------ Supplied entries

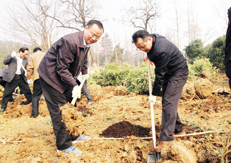 上午10時(shí)許,一到植樹(shù)現場(chǎng),周春雨、白金明、何金良、顧世平、方志宏等市幾大班子領(lǐng)導就迅速融入到植樹(shù)勞動(dòng)的大軍之中。他們興致勃勃地拿起鐵鍬,同在場(chǎng)的干部一起揮鍬挖土,將一棵棵樹(shù)苗植入樹(shù)坑,培土,澆灌,每道工序都做得十分認真。市委書(shū)記周春雨、市長(cháng)白金明一邊植樹(shù),一邊與市林業(yè)局、住建委負責同志交談,了解全市植樹(shù)造林及“綠滿(mǎn)珠城”工作開(kāi)展情況。經(jīng)過(guò)一番緊張勞動(dòng),300多棵桂花、櫻花等樹(shù)木昂然挺立,在和煦的春光中綻放蓬勃生機。
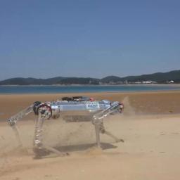 Roboterhund RaiBo stokelt im Sand nicht herum. Er läuft auf ihm so sicher wie auf festen Untergründen. Ein spezieller Controller macht es möglich.
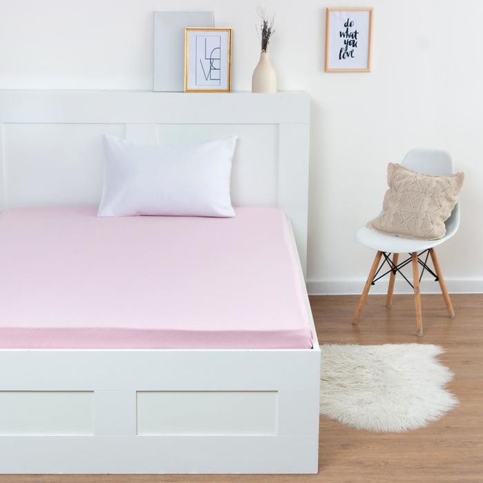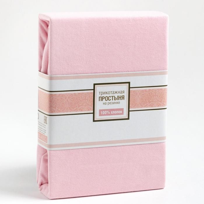 Трикотажная простынь на резинке 160х200х25см, розовый кулирка
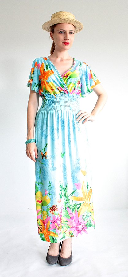 Długa sukienka w piękne, letnie wzory. W talii wszyto gumki, dzięki którym sukienka podkreśla talię i dopasowuje się do sylwetki. Materiał jest miły, "chłodzący" w dotyku (jest to prawdopodobnie polyester+elastan).
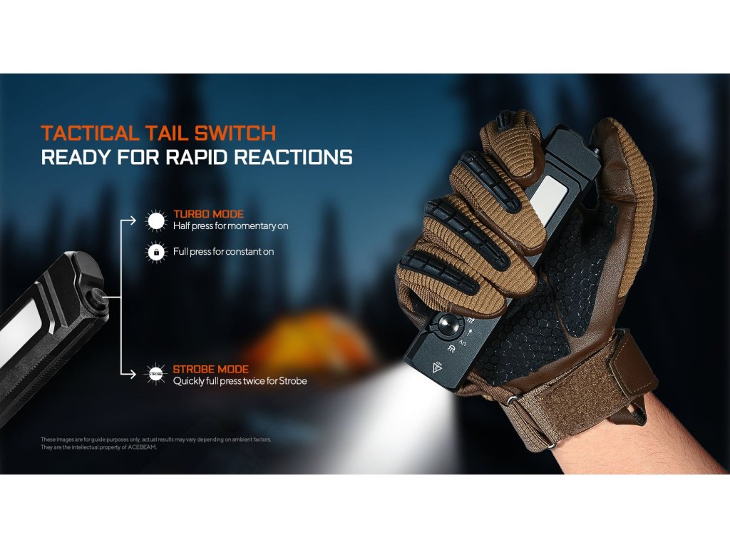 🔹 Ovládanie: inteligentné trojitý spínačový systém – bočný switch, rotačný magnetický selektor svetelných zdrojov a taktické zadné tlačidlo pre okamžitý Turbo / Strobe prístup.
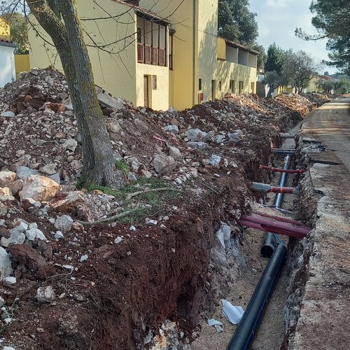 Nella via Prima brigata istriana sono stati portati a termine i lavori di scavo, sono state installate le tubature e ricoperto il fossato, e presto si inizierà con i lavori preliminari per l’asfalto e l’asfaltatura della strada. I lavori alla parte residua della ramificazione che porta verso ai campi di calcio verranno avviati dopo il 14/04/2022.
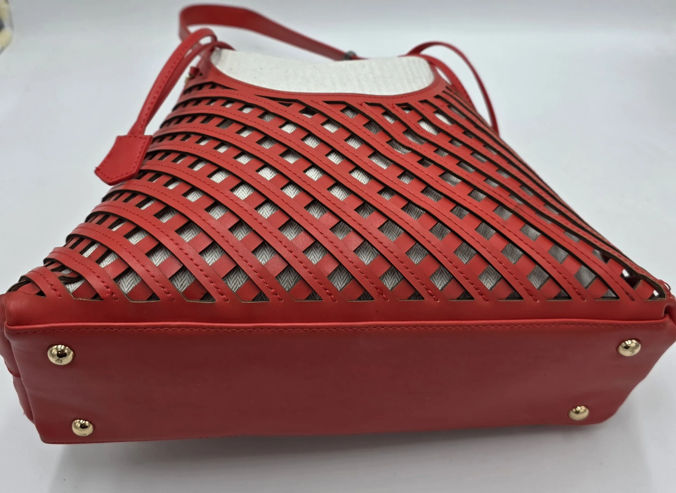 Чанта от еко кожа с нестандартна форма с две вързани регулиращи дръжки 120см максимална дължина, закопчава се с цип и

------------

Problem:
Produce an exact copy of the records above, leaving out the pictures.

Answer to the problem:
 上午10時(shí)許,一到植樹(shù)現場(chǎng),周春雨、白金明、何金良、顧世平、方志宏等市幾大班子領(lǐng)導就迅速融入到植樹(shù)勞動(dòng)的大軍之中。他們興致勃勃地拿起鐵鍬,同在場(chǎng)的干部一起揮鍬挖土,將一棵棵樹(shù)苗植入樹(shù)坑,培土,澆灌,每道工序都做得十分認真。市委書(shū)記周春雨、市長(cháng)白金明一邊植樹(shù),一邊與市林業(yè)局、住建委負責同志交談,了解全市植樹(shù)造林及“綠滿(mǎn)珠城”工作開(kāi)展情況。經(jīng)過(guò)一番緊張勞動(dòng),300多棵桂花、櫻花等樹(shù)木昂然挺立,在和煦的春光中綻放蓬勃生機。
 Roboterhund RaiBo stokelt im Sand nicht herum. Er läuft auf ihm so sicher wie auf festen Untergründen. Ein spezieller Controller macht es möglich.
 Трикотажная простынь на резинке 160х200х25см, розовый кулирка
 Długa sukienka w piękne, letnie wzory. W talii wszyto gumki, dzięki którym sukienka podkreśla talię i dopasowuje się do sylwetki. Materiał jest miły, "chłodzący" w dotyku (jest to prawdopodobnie polyester+elastan).
 🔹 Ovládanie: inteligentné trojitý spínačový systém – bočný switch, rotačný magnetický selektor svetelných zdrojov a taktické zadné tlačidlo pre okamžitý Turbo / Strobe prístup.
 Nella via Prima brigata istriana sono stati portati a termine i lavori di scavo, sono state installate le tubature e ricoperto il fossato, e presto si inizierà con i lavori preliminari per l’asfalto e l’asfaltatura della strada. I lavori alla parte residua della ramificazione che porta verso ai campi di calcio verranno avviati dopo il 14/04/2022.
 Чанта от еко кожа с нестандартна форма с две вързани регулиращи дръжки 120см максимална дължина, закопчава се с цип и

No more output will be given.